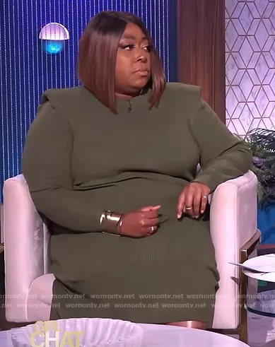 Loni Love on The Real on BETher was spotted wearing this green knit dress on The Real on Oct 01 2021's episode. Loni's Dress is the Strong Shoulder Sweater Dress by Eloquii.
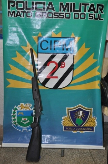 A arma foi apreendida pela PM juntamente com um cartucho de munição calibre .12 intacto.
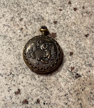 Prezzo di mercato: 70€ Vendo Orologio raro tascabile vintage - Mickey Mouse golfista - Verichron × Disney anni 80' Marca: Verichron Movimento: quarzo Cassa in metallo con finitura dorata/ottone Tema raro: Topolino protagonista sportivo (golf) sulla cassa Quadrante bianco con numeri arabi e illustrazione Disney Condizione: mai usato e mantenuto in condizioni ottime, la cassa non presenta graffi o ammaccature
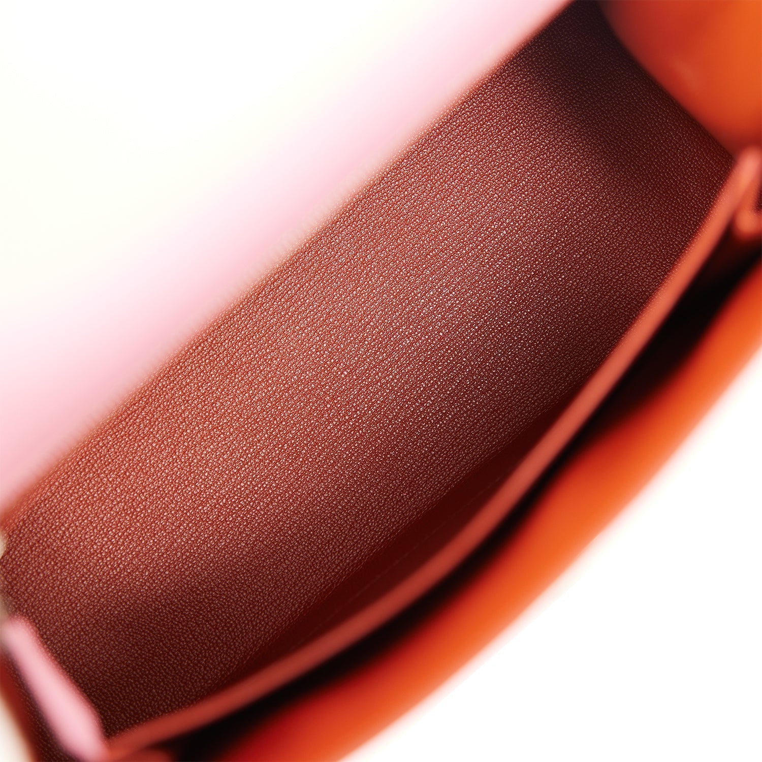 The interior is lined with Orange chevre leather and has one zip pocket with an Hermes engraved pull and one open pocket on the opposite side.
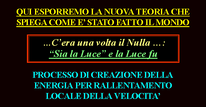 SENZA L'IMMISSIONE INESAUSTA DEL NUOVO L'UNIVERSO PRECIPITEREBBE IMMANTINENTE NEL NULLA E NELLA FINE
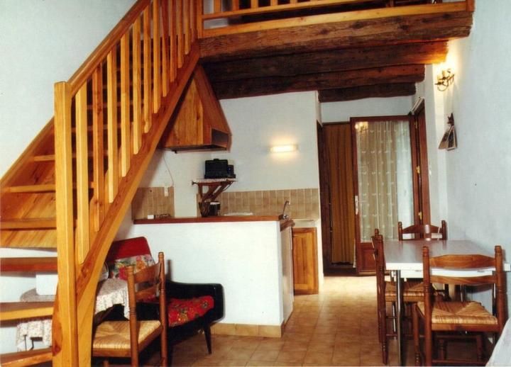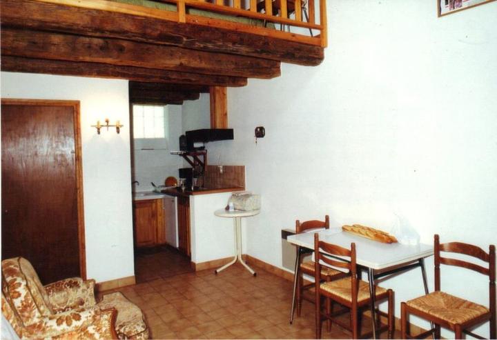 Gîte situé dans le village, à 350 mètres des Thermes. Composition : une pièce à vivre avec coin cuisine (30 m2), une salle d'eau (douche), un WC, une chambre en mezzanine (15 m2) et une petite terrasse et lave linge communs.
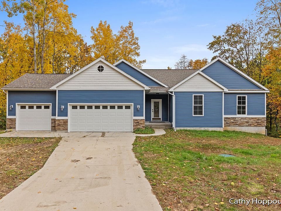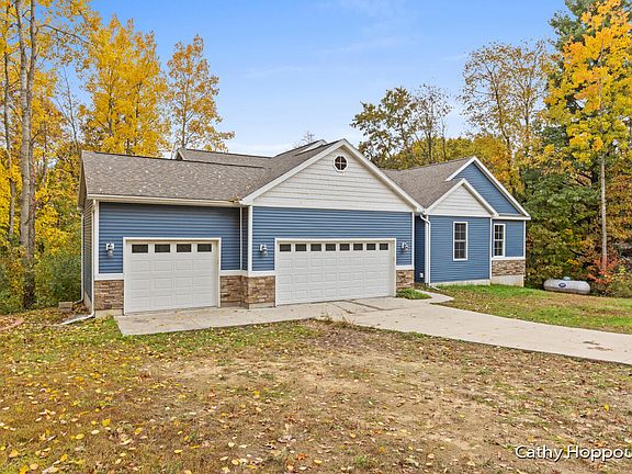 You will fall in love when you step inside this newer ranch, nestled on 2.247 acres on private Ranney Lake. Open and airy floor plan takes in views from every window. Extra large kitchen with island is a cook's dream! Main floor master suite and large family room in walk out lower level. If you love privacy, water and wildlife - this is the place for you to call home!
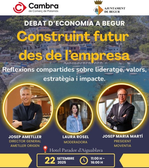 “Construint futur des de l’empresa . Reflexions compartides sobre lideratge, valors, estratègia i impacte” és el títol de la 17è edició del Debat d’Economia a Begur, organitzat per la Cambra de Comerç de Palamós juntament amb l’Ajuntament de Begur, qu e se celebrarà el dilluns 22 de setembre al Parador d’Aiguablava.
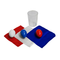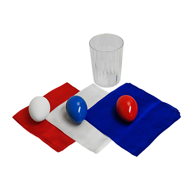 The white egg is placed into a tumbler and covered with an ordinary pocket handkerchief.
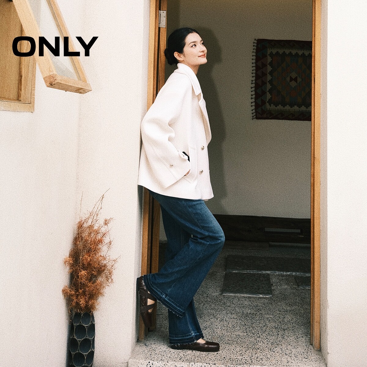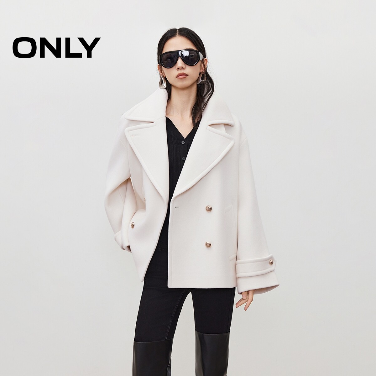 【ONLY奥莱】春款宽松显瘦立体A字廓形加宽平驳领落肩毛呢大衣女

**WORK REQUIRED**
Set down the line containing "The interior is", then every later line through the end of the material, exactly as written; omit any picture.

**FINISHED EXERCISE**
 The interior is lined with Orange chevre leather and has one zip pocket with an Hermes engraved pull and one open pocket on the opposite side.
 SENZA L'IMMISSIONE INESAUSTA DEL NUOVO L'UNIVERSO PRECIPITEREBBE IMMANTINENTE NEL NULLA E NELLA FINE
 Gîte situé dans le village, à 350 mètres des Thermes. Composition : une pièce à vivre avec coin cuisine (30 m2), une salle d'eau (douche), un WC, une chambre en mezzanine (15 m2) et une petite terrasse et lave linge communs.
 You will fall in love when you step inside this newer ranch, nestled on 2.247 acres on private Ranney Lake. Open and airy floor plan takes in views from every window. Extra large kitchen with island is a cook's dream! Main floor master suite and large family room in walk out lower level. If you love privacy, water and wildlife - this is the place for you to call home!
 “Construint futur des de l’empresa . Reflexions compartides sobre lideratge, valors, estratègia i impacte” és el títol de la 17è edició del Debat d’Economia a Begur, organitzat per la Cambra de Comerç de Palamós juntament amb l’Ajuntament de Begur, qu e se celebrarà el dilluns 22 de setembre al Parador d’Aiguablava.
 The white egg is placed into a tumbler and covered with an ordinary pocket handkerchief.
 【ONLY奥莱】春款宽松显瘦立体A字廓形加宽平驳领落肩毛呢大衣女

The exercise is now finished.